Johnson spoke grandly of using ‘submarine-based cruise missiles in the Med’ against Assad to support Trump, but in fact Britain’s capacity to do anything militarily effective is very limited
There is nothing surprising in Boris Johnson saying that it would be difficult for the UK not to join US military action in Syria against President Bashar al-Assad’s forces in response to a chemical weapons attack. Since the Second World War British governments have been trying to strengthen the UK’s status as the most important military ally of the US. But after 9/11 this obeisance became more craven and knee-jerk, despite producing failed British military ventures in Iraq and Afghanistan.
With the Trump administration in power in the US, these British efforts to prove to Washington the usefulness and reliability of its links to the UK have become ever more desperate. Britain’s departure from a major alliance like the EU, and likely confrontation with it over the terms of Brexit, is bound to make Britain less of a power in the world. It therefore needs to foster closer relations with Trump’s America along with an unsavoury list of countries such as Turkey, Saudi Arabia and Bahrain.
This may be a little more dangerous than it looks because nobody quite knows what the Trump foreign policy will amount to in Syria and Iraq. Is it, for instance, going to confront Iran and tear up the nuclear agreement with Tehran? Has it reverted to giving priority, at least nominally, to getting rid of Assad? These questions are worth thinking about, if only so as not to repeat the ill-thought-out flippancy with which British governments plunged into such dangerous places as Basra in southern Iraq in 2003 where it ended up signing a humiliating truce with the Mehdi Army Shia militia.
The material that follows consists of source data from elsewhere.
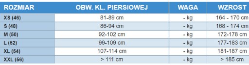 Dobór rozmiaru: Rozmiar Obw. kl. piersiowej Waga Wzrost XS (46) 81-89 cm - kg 164 - 170 cm S (48) 86-94 cm - kg 168 - 174 cm M (50) 92-102 cm - kg 172-178 cm L (52) 99-109 cm - kg 177-183 cm XL (54) 107-114 cm - kg 181-187 cm XXL (56) > 111 cm - kg > 185 cm DODATKOWE MATERIAŁY: Strona Producenta Kanał YouTube Katalog producenta 2022 Kod producenta 2022: 48222-4159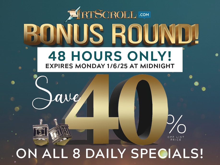 During Chanukah, ArtScroll offered 8 amazing daily specials at 40% off. Missed out? Don’t worry! From Motzei Shabbos through midnight on Monday, we’re bringing back all 8 deals!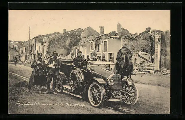 AK Vigneulles, Strassenpartie mit Ruinen, Automobil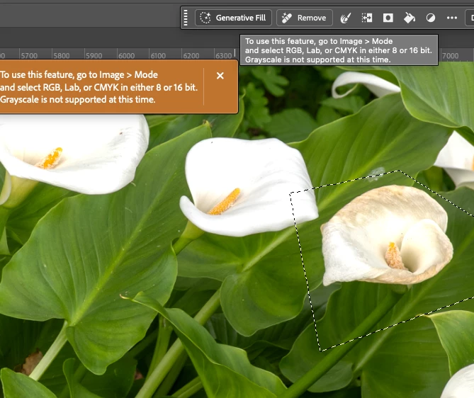 I wanted to use generative fill on a selection, but PS refused because it said my color image was in grey scale. Flat wrong. Below are screenshots of the image mode and the bad message.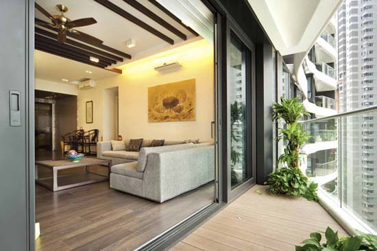 利用折疊門將陽臺和室內(nèi)隔斷,而玻璃的透明性并不會影響屋內(nèi)的采光,同時晚上能有效隔離噪音和溫差。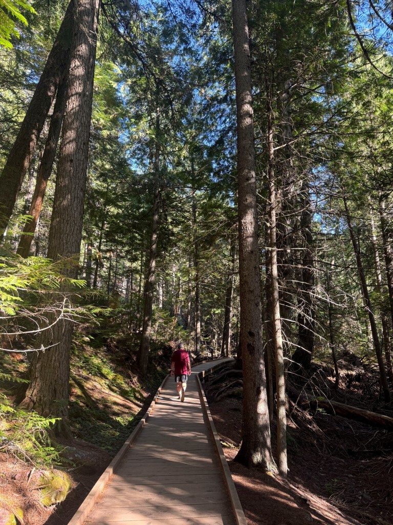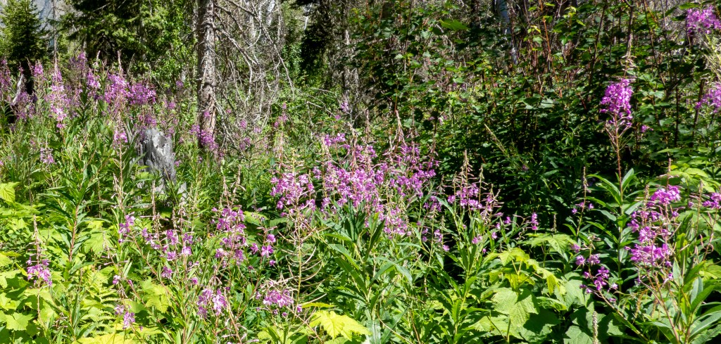 At the far end of the lake, the boat docks so we can get out and take a short hike to Baring Falls. The wildflowers are in full bloom!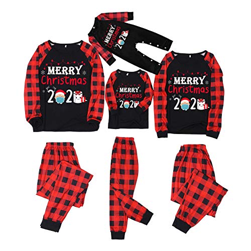 Kuerqi 2020 Quarantine Christmas Pajamas Set for Family, Christmas Family Matching Pajamas Set Red Plaid Reindeer PJS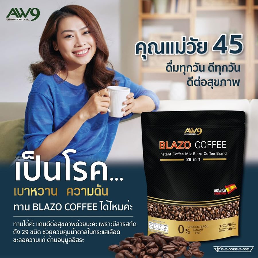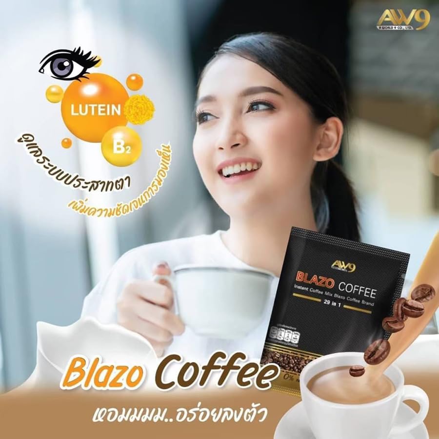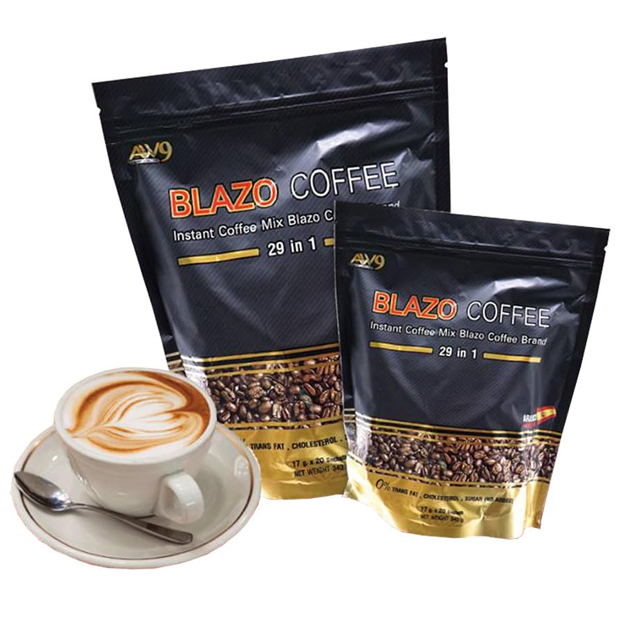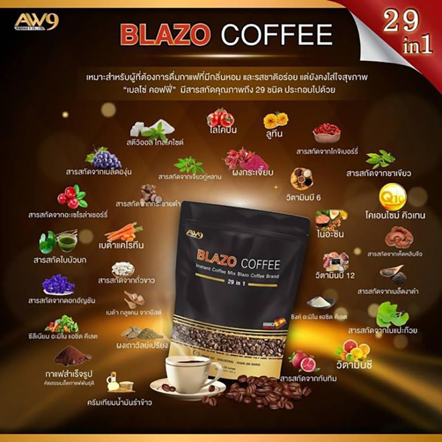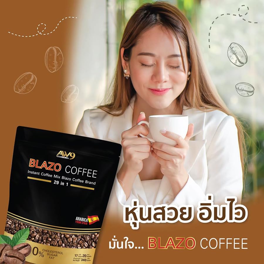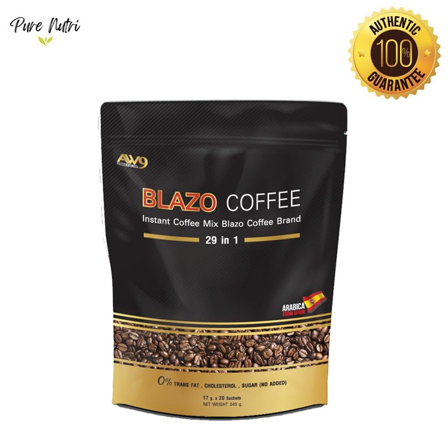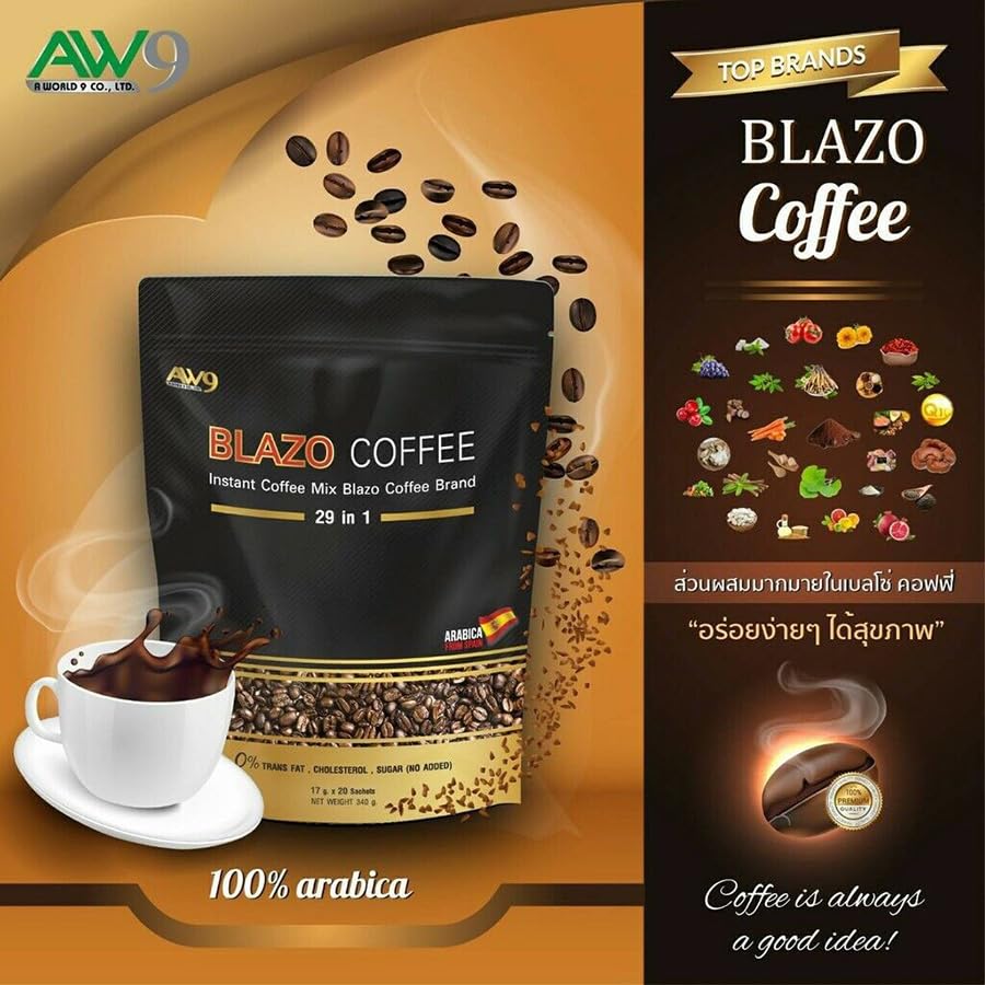 vFor more great products please visit Beautygoodshop @ Amazon.com Blazo Coffee Instant Coffee Premium Arabica 29in1 Non-Fat Sugar-Free 0% Snack.✅ 100% Authentic. ✅ Condition: 100% Brand new, seal, never used, never opened. ✅ 100% Arabica. ✅ 0% Sugar. ✅ 0% Cholesterol.Blazo Coffee is suitable for those who want to drink coffee with a delicious aroma and taste.Good for health because we select premium grade coffee beans. Arabica species from Spain. Result in an authentic coffee taste that is fragrant, intense, mellow, and has many benefits.Creamer extracted from rice bran extract. Provides a gentle sweetness from natural extracts.BLAZO Coffee is made from premium-grade Arabica coffee beans. from Spain. And it consists of 29 other grains (29 IN 1). Through the production process that has been certified by the international quality assurance system GMP/HACCP. The taste is fragrant, mellow, easy to drink, useful, worthwhile, and suitable for coffee lovers. ❂ Size: 17g x 20 Sachets (340gram) / Pack.❂ Condition: Brand new & Never used with a sealed pack.❂ Registration Number: 13-2-00759-2-0377.❂ Directions: Apply 1-2 sachets per by mixing with 120 ml of hot water, stir well to dissolve, then you will get the aromatic coffee ready to serve.

But the historic parallels are not exact, because the British role in the world has diminished since the high days of the Blair governments. Policy then may have been wrong-headed and frequently underestimated the military and political strength of the enemies they were about to take on. These days the gap between British threats and its ability to make them good is wider than ever and is mostly bravado.
Johnson spoke grandly of using “submarine-based cruise missiles in the Med” against Assad, but in fact Britain’s capacity to do anything militarily effective is very limited. This point was difficult to get across during the debate in 2015 about UK aircraft joining the US-led air campaign attacking Isis in Syria. Few on either side of the argument seemed to take on board that Britain simply did not have the capacity to launch more than a few symbolic strikes. The House of Commons Defence Committee eventually found out that Britain had launched just 65 airstrikes in Syria in the first nine months after the first attack.
The danger facing Britain is that so much of its foreign policy is based on wishful thinking and fantasy. This was true in Iraq, Afghanistan and Libya after 2001 and is true again in Syria today. What is the purpose of bombing Assad? Is it to deter him from using chemical weapons, supposing he did, or to weaken and overthrow him? And if he is overthrown what is to prevent his regime being replaced by Isis and al-Qaeda-type groups who wholly dominate the armed opposition in Syria.
David Cameron was happy to pretend that the US and Britain would be aided by 70,000 “moderate” fighters in Syria willing to battle both Isis and Assad, though anybody with any experience on the ground in Syria knew that such a force did not exist.
The clamour over Johnson’s claim that the UK might join the US in strikes against the Syrian armed forces is based on a fiction. Both hawks and doves assume an effective British military capacity that is no longer there. Probably Johnson’s words will lead to nothing except a few headlines, but play-acting in a place as dangerous as the Middle East can be a risky business.